DEPORTATION ORDER UPHELD
AGAINST FORMER NAZI CONCENTRATION CAMP GUARD


WASHINGTON D.C. -- Christopher A. Wray, Acting Assistant Attorney General in charge of the Justice Department’s Criminal Division, today announced that the U.S. Board of Immigration Appeals (BIA) has upheld an immigration judge’s order directing the deportation of a St. Louis, Missouri, area man to Romania for participating in the Nazi persecution of Jews and other civilians during World War II.

In an opinion issued today, the BIA affirmed a July 2002 ruling by the U.S. Immigration Court in St. Louis that captured Nazi documents found by the Criminal Division’s Office of Special Investigations (OSI) established that Michael Negele, 82, of St. Peters, Missouri, served as an armed SS guard at the infamous Sachsenhausen Concentration Camp, near Berlin. Negele served with the SS Death’s Head Guard Battalion at the camp, and was selected for specialized training as a guard dog handler. The BIA opinion found that Sachsenhausen “essentially worked prisoners to death.”
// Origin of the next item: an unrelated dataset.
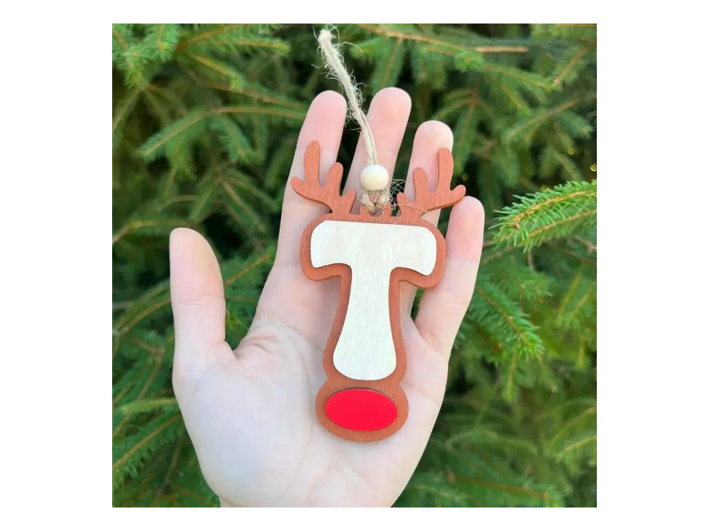 Roztomilá vánoční ozdoba ve tvaru soba s písmenem "T"! Dekorace s hnědými parohy, přírodním dřevěným písmenkem a červeným nosíkem. Perfektní pro iniciály rodiny na vánočním stromečku nebo jako originální vánoční dárek.

The BIA also affirmed the Immigration Court’s finding that Negele later served as a guard at the Theresienstadt Jewish ghetto in what is now the Czech Republic. Jews, including children and elderly civilians, were confined at Theresienstadt as part of the Nazi regime’s “final solution to the Jewish question,” and thousands passed through the ghetto en route to the Nazi extermination facilities at Auschwitz and Treblinka.

Negele admitted in court proceedings that he guarded the ghetto with a German shepherd, the same one that had been assigned to him while at Sachsenhausen and that had been trained to attack prisoners who attempted escape. Some 10,000 prisoners died at Theresienstadt. The BIA opinion held that “the guards at Theresienstadt also ensured the transport of prisoners to the trains destined for Auschwitz and other death camps.”“The BIA’s decision is an important milestone in our continuing efforts to achieve a measure of justice for the victims of the Holocaust and other Nazi crimes,” said OSI Director Eli M. Rosenbaum. “Negele and his fellow SS guards were instrumental participants in the execution of the Nazi regime’s infamous program of persecution and genocide.”

Negele, a native of Romania, entered the U.S. in 1950, using a visa he obtained in Germany. He became a U.S. citizen in 1955. In July 1999, the U.S. District Court in St. Louis revoked Negele’s U.S. citizenship because of his Nazi guard service. The U.S. Court of Appeals for the Eighth Circuit affirmed the denaturalization order in August 2000, and, in February 2001, the U.S. Supreme Court denied Negele’s petition for review. Removal (deportation) proceedings were commenced against him in March 2001.

The proceedings against Negele are a result of OSI's ongoing efforts to identify and take legal action against former participants in Nazi persecution residing in this country. Since OSI began operations in 1979, 72 Nazi persecutors have been stripped of U.S. citizenship and 57 have been removed from the United States. Also, more than 160 suspected Nazi persecutors have been barred from entering this country under OSI’s “Watchlist” border control program.